THE PROPHET OF BISHOP HILL, Chicago Dramatists. If you want to experience the power of theatrical hokum, go see David Rush’s The Prophet of Bishop Hill. With a lot of stagy courtroom dramatics and folksy historical reenactments, the play is about as hokey as can be. But Rush proves himself a master showman, creating an engrossing, morally challenging narrative in a form any community theater could handle.
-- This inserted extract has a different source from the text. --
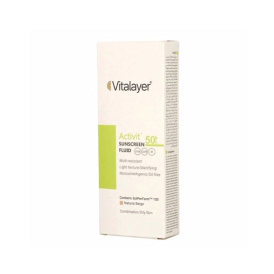 فلوئید ضد آفتاب رنگی Activit ویتالیر با SPF50، محصولی تخصصی برای محافظت از پوست چرب و مستعد آکنه در برابر اشعه‌های مضر UVA و UVB است. این ضد آفتاب بافتی بسیار سبک، غیرچرب و سریع‌الجذب دارد که به‌خوبی روی پوست پخش می‌شود و با رنگ بژ طبیعی خود، ظاهری یکنواخت و مات به پوست می‌بخشد.

This historical drama follows iconoclastic Swedish preacher Eric Janson, who in 1846 brought 1,200 of his persecuted followers across the Atlantic to the western Illinois wilderness, where they built a “communal utopia” and Janson preached that the key to salvation was to become “perfect” like him. Eventually a shady salesman named John Root infiltrated the colony, married Janson’s cousin, and assassinated the prophet. Rush tells the story in a bold, straightforward manner, using Root’s murder trial as a framing device and casting the audience as jury: each scene of Janson’s descent into near madness must be weighed against Root’s claim of self-defense. Rush’s greatest achievement is the character of Janson, a tortured visionary as monstrous as he is heroic. Richard Marlatt turns in a towering performance, taking the preacher to the heights of arrogant zealotry without sacrificing the naivete that makes the man more pitiable than depraved.

Given its theatrical stodginess, The Prophet of Bishop Hill may seem 30 years out of date. But sometimes all you need in the theater is a great story well told.